Now we select $r\approx n^{1/d}$ and tweak the lattice to have a small geometric progression on the main polynomial: $$ \begin{pmatrix} -K & -r^1 & S & 0 & 0 & 0 \\ -2r^1K & -r^2 & 0 & S^2 & 0 & 0 \\ -3r^2K & -r^3 & 0 & 0 & S^3 & 0 \\ -4r^3K & -r^4-n & 0 & 0 & 0 & S^4 \\ \end{pmatrix} $$ The parameter selection here is still undetermined; for the time being I selected $r\approx n^{1/4}$, $K=n^{2/5}$, and $S=1$. For $n=2522074980498295369056421$, $r=1260200$, $d=4$, one of the vectors in the resulting basis is $$ \begin{pmatrix} 97269663579 & 733265012800 &-3176210261232 & 1 & 1 \end{pmatrix}\,, $$ corresponding to the polynomial $$ x^4 + x^3 - 3176210261232x^2 + 733265012800x + 97269663579\,. $$ Looking at the reduced basis the shortest vectors correspond to polynomials of lower degree, so I think the parameterization here is suboptimal, but nevertheless we are able to control the higher degree coefficients to be small.

Answer 2

Can I just post an `extended comment' to mention one interesting detail since @SamuelNeves mentioned Montgomery's method of geometric progressions.

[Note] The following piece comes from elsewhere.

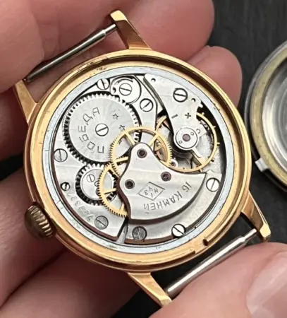 Gravure sur le mécanisme : N° de série (727322) sur un pont, troisième logo de la 1FMM (initiales dans un losange) sur un pont et 16 камней (16 rubis) sur un autre, Победа et trois étoiles sur le rochet. Côtes de Genève.
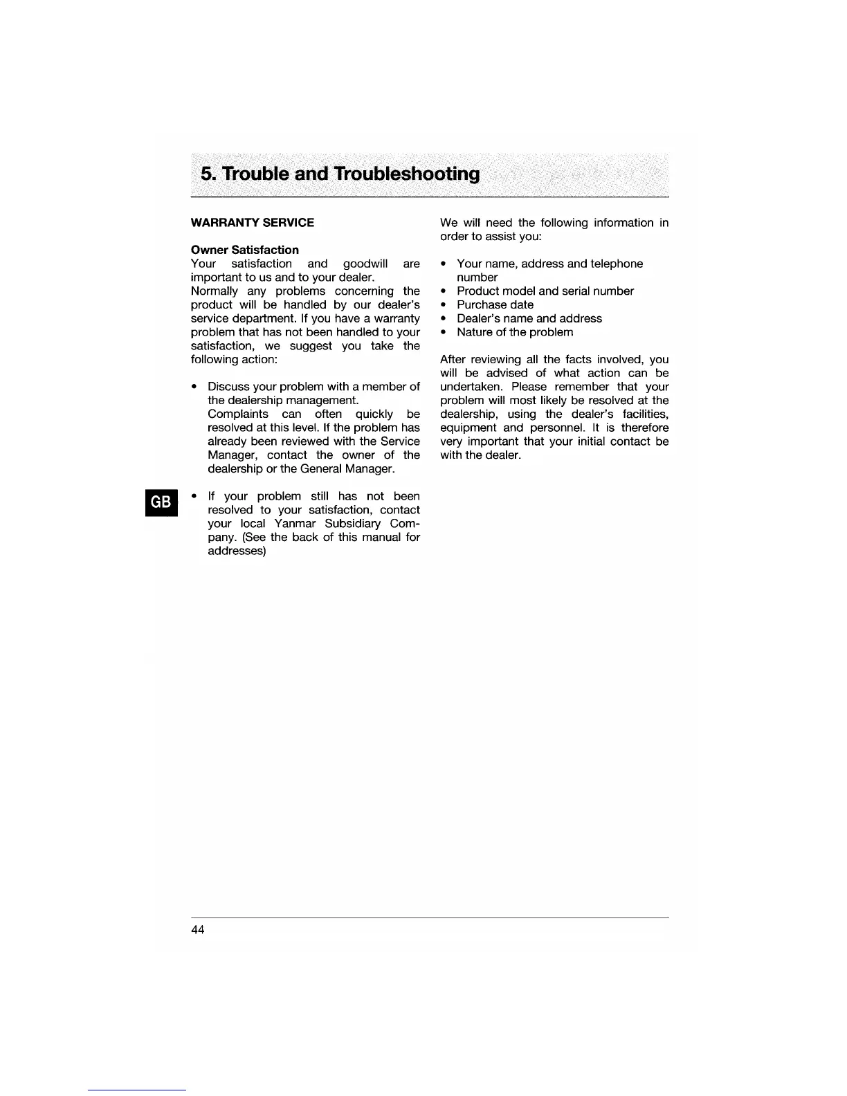 Yanmar 4JH3CE - Warranty

I had actually seen Montgomery's method of producing two optimal quadratics for the classic NFS. It produces two quadratic polynomials with coefficients bounded by $O(n^{1/4})$, and also provides the common root $m$.

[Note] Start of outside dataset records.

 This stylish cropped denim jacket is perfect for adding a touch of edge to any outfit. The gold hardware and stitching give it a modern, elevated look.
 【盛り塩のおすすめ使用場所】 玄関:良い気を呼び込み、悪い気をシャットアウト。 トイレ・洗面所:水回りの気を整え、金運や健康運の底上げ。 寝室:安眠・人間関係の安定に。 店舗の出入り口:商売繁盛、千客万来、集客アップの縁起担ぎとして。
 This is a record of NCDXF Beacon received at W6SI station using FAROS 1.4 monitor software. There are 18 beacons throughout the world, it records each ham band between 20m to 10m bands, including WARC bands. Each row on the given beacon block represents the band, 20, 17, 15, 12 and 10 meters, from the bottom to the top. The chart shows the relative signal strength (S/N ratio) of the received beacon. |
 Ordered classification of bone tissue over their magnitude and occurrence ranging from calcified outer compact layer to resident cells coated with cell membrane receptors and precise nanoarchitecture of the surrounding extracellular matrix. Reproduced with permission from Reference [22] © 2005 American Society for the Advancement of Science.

I was curious to see what would happen if I fed this $m$ (obtained by Mongomery's two quadratics method) into my `discriminant lattice' shown above, and something very interesting happens.

Not always for the random parameter of the algorithm, but often enough that it can be reproduced in practice for any $n$, when we use the $m$ from Montgomery's method we get a polynomial with discriminant divisible by $n$, and a huge square cofactor.

Here is an illustration.

Let $n = 437256732647720373392867051041$, a random $30$ digit integer.

Montgomery's two quadratics method produces $m = 218628366323860517323388206971$ and the two polynomials

$$f=880619x^2 + 454524x - 19923672,\\ g=32898890x^2 + 16980482x + 6571759$$

which share the root $m$ mod $n$. Now using this $m$ for producing a cubic polynomial with discriminant divisible by $n$, we get the cubic

$$f_2 = 79590001839022x^3 + 61619552830239x^2 + 15902203808121x + 53091733105523$$

which has discriminant

$$\Delta = -3\cdot n\cdot 18676765968045^2$$

which seems like a very unusual thing to happen.